If the mice were on a healthy diet - one low in saturated fat and high in fruits and vegetables - then the leanness-associated microbes invaded the gut of the mice with the obesity-associated microbes, stopping them putting on weight and developing metabolic problems tied to insulin resistance.
In humans, significant weight gain can be linked to insulin resistance, which is the first sign of metabolic disorder that can lead to type 2 diabetes.

Senior author Professor Jeffrey I. Gordon, director of the Center for Genome Sciences & Systems Biology at Washington University, says:
"Eating a healthy diet encourages microbes associated with leanness to quickly become incorporated into the gut.
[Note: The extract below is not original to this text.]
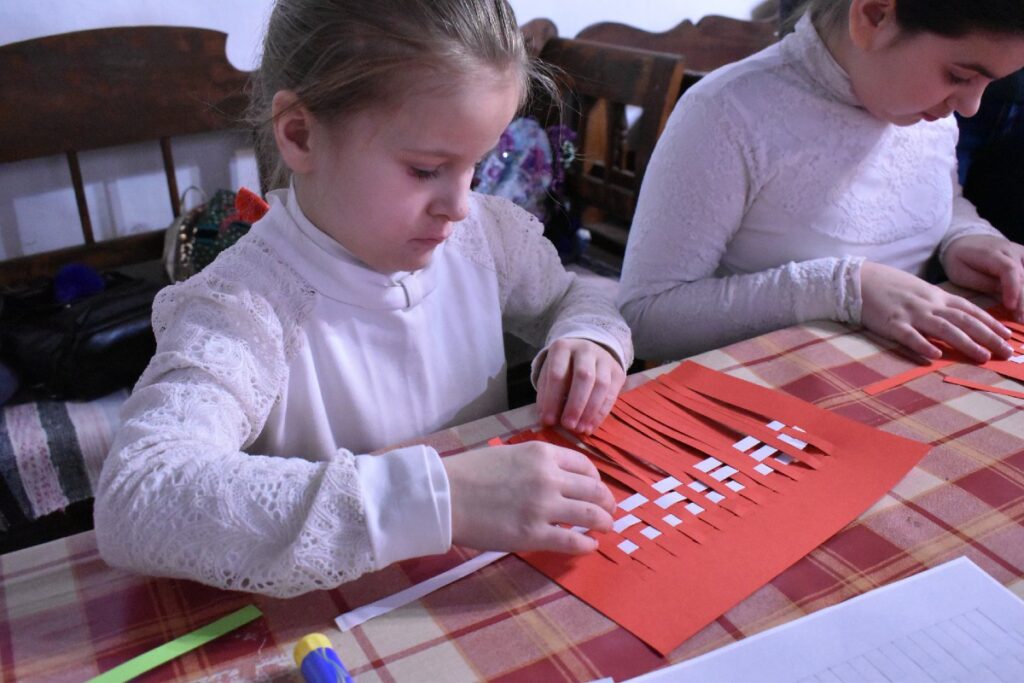 A továbbiakban az alkotásé volt a főszerep. A kézművesség során elsőként a szövés alapjait tanulták meg Furman Éva vezetésével. A fiatal korosztályhoz alkalmazkodva papíron szőttek a gyerekek. A cél a rozmaringágas beregi motívum elkészítése volt.

But a diet high in saturated fat and low in fruits and vegetables thwarts the invasion of microbes associated with leanness."
He adds that the finding is important for the development of next-generation probiotics as a treatment for obesity.

Ties between gut microbe mix, diet and obesity

Prof. Gordon has been working on the link between gut microbes and obesity for a while. In 2006, he and his team reported two studies that found gut microbes influence how much energy is extracted from food and stored as fat.  They found the clue lies in the relative abundance of two major families of intestinal bacteria: Firmicutes and Bacteroidetes. In this latest study, they found weight gain, accumulation of fat and development of metabolic symptoms were prevented in mice carrying the obesity-related gut microbes when they followed the healthy diet. This is because their guts were invaded by Bacteroidetes bacteria from the mice carrying the leanness-related gut microbes. Bacteroidetes are efficient at harvesting calories and nutrients from food. In 2009, the team reported how a westernized diet leads to obesity via gut microbes. In that study, they transplanted human gut microbes into germ-free mice, then switched their diet from a low-fat plant-based one to a more westernized diet high in fat and sugars.  Within one day, obesity-associated microbes were thriving in the animals' guts, and the animals eventually became obese.

This latest study adds another clue to that finding: not only does following a westernized diet seem to encourage gut colonization by more obesity-related microbes, but it also appears to discourage colonization of microbes associated with leanness, leading to weight gain and development of metabolic problems.

Gut microbe mix in obese people is less diverse

The new study also confirms another finding from previous work: the mix of microbes in the guts of obese people is not as diverse as that of lean people, as Gordon explains:
"We think the lack of diversity leaves open niches - or jobs, if you will - that can be filled by microbes associated with leanness. Our results underscore the strong interactions between gut microbes and diet and help illustrate how unhealthy diets select against gut microbes associated with leanness."
Also, throughout the experiments in the new study, Gordon and colleagues found the results did not depend on whether the donor's gut microbes were first grown in the lab or came from a fecal sample: they still transmitted the body composition and metabolic characteristics of the donor.
This is good news for treatment developers: it should be easier to grow the human gut microbes in the lab (and presumably will make for a more palatable message to patients and consumers) than to keep harvesting them from feces samples.